Как правило, интеллигент конца XIX – начала XX вв. разделял идеалы Просвещения и Великой французской революции. К этой революции восходили и установки на терроризм. К нему прибегали радикально настроенные интеллигенты в борьбе с самодержавием. Они действовали от имени народа, хотя народ об этом их не просил. Как писал Н.А. Бердяев в знаменитом  сборнике «Вехи», «интересы распределения и уравнения в сознании и чувствах русской интеллигенции всегда доминировали над интересами производства и творчества. …И интеллигенция всегда охотно принимала идеологию, в которой центральное место отводилось проблеме распределения и равенства, а все творчество было в загоне. …Многие воздерживались от философского и художественного творчества, так как считали это делом безнравственным с точки зрения интересов распределения и равенства, видели в этом измену народному благу»[1]. Отсюда следовал, как отмечал Бердяев, общий “низкий уровень философской культуры” и “маниакальная склонность” оценивать философию лишь по политическим и утилитарным критериям[2].
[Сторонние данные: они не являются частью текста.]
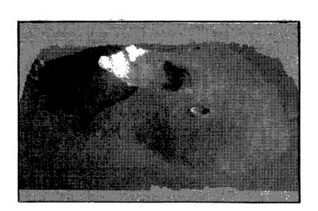
Figure 1 : 3D view of Tharsis Tholus from the south. Vertical exaggeration 10x.
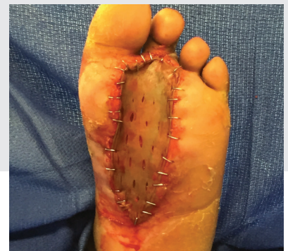
Post graft placement.
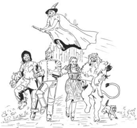
Follow the Yellow Brick Road to COC to find the Wizard

Non-Profit Org. U.S. POSTAGE PAID PERMIT NO. 273 SANTA CLARITA, CA
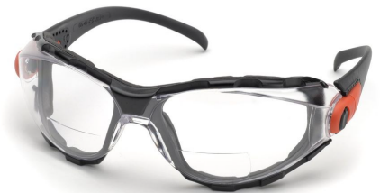
RX Clear Anti-Fog
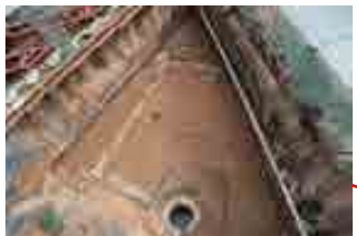
石砌建築遺蹟 (宋、元時期) 及J3井 (晚清時期) Stone building features (Song-Yuan Period) and Well J3 (Late Qing Period)
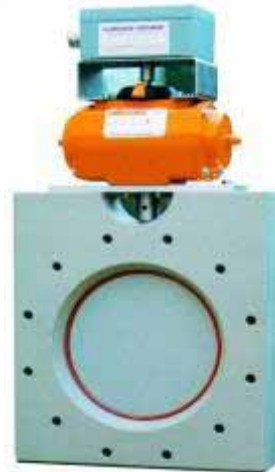
Shutoff flap with pneumatic actuator
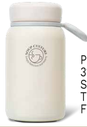
Premium 316 Stainless Steel Thermal Flask
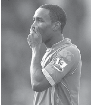
Tottenham coach Harry Redknapp said on Saturday that he will not be forced to pay an inflated transfer fee to bring England striker Jermain Defoe, back to White Hart Lane from Premier League rivals Portsmouth.
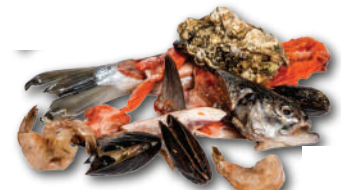
seafood and shells
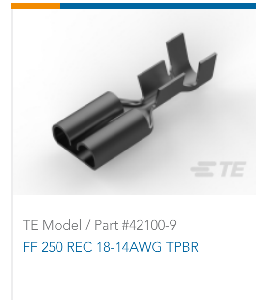
TE Model / Part #42100-9 FF 250 REC 18-14AWG TPBR

После «философского парохода» 1922 г., когда по личному распоряжению Ленина почти весь цвет русской интеллигенции (тот же Н.А. Бердяев, П. Сорокин, С.Л. Франк и многие-многие другие) был просто выслан на Запад, эта линия эволюции русской духовной жизни только усилилась и была доведена до логического завершения, а, иначе говоря, до тупика, из которого не было выхода. В СССР была сформирована «новая интеллигенция» – слой образованных людей, которым вменялось в обязанность быть проводниками коммунистической идеологии – даже в том случае, если они к идеологии имели косвенное отношение (ученые-естествоиспытатели, художники и т.п.). От физиков или математиков, биологов или химиков, не говоря уже о гуманитариях, требовалось, чтобы они были проводниками идей классовой борьбы. Всерьез предпринимались попытки не только философию, но и физику, математику, биологию, все виды художественного творчества разделить по классовому признаку – на «коммунистические» и «буржуазные».

После жесткой критики коммунистической идеологии в 90-х гг. ХХ столетия на постсоветском пространстве понятие «интеллигенция» изменилось, теперь его содержание не отличается от того, как это слово употребляется в Европе. А в западноевропейских языках слово «интеллигенция» восходит к латинскому intelligentia. Оно сближается со словом «интеллектуалы», т.е. люди образованные, способные решать задачи умственного характера, в той или иной степени причастные к разным видам творчества.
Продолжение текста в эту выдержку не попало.